The Royal Military Chapel, commonly known as the Guards' Chapel, is a British Army place of worship that serves as the religious home of the Household Division at the Wellington Barracks in Westminster, Greater London. Completed in 1838 in the style of a Greek temple and re-designed during the 1870s, the first chapel on the site was damaged by German bombing during the Blitz in 1940 and 1941.

On Sunday, 18 June 1944, the chapel was hit again, this time by a V-1 flying bomb, during the morning service. The explosion of the bomb collapsed the concrete roof onto the congregation, which left 121 people killed and 141 injured (both military and civilian).

Using the memorials from the old chapel as foundations, a new chapel was built in a Modernist style in 1963. In 1970 the building was made a Grade II* listed building.

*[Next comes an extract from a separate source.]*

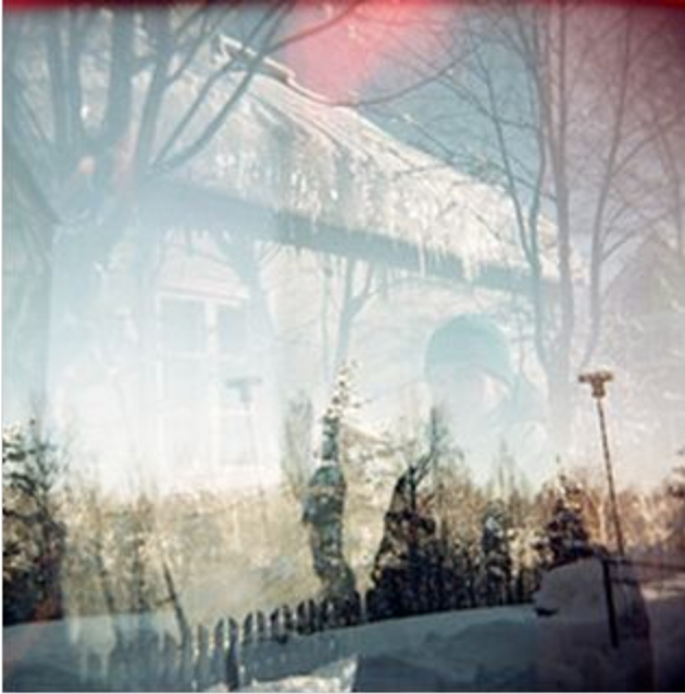
Kuva 5: Arabia talvella

The Order of the Garter banner of Field marshal Harold Alexander, 1st Earl Alexander of Tunis was transferred from St George's Chapel, Windsor Castle to the Guards' Chapel following his death in 1969. A statue of him stands nearby.

==Memorial garden==
The Flanders Fields Memorial Garden, dedicated to the memory of Guardsmen lost in the First World War, was opened by Queen Elizabeth II in 2014 and occupies land next to the chapel.

==Music==
In the 1970s an organ was installed by the firm of Hill, Norman and Beard using material from an instrument at Glyndebourne as well as new pipework. In addition to leading congregational singing, the organ accompanies the Chapel’s professional choir and works alongside military bands/ensembles. With the passing of time, it was decided that the organ was struggling to meet the demands placed on it, and in the 21st century the chapel commissioned a new organ from Harrison and Harrison.

On the last Tuesday of each month, except in August, the chapel hosts a free 45-minute lunchtime concert featuring a wide variety of music.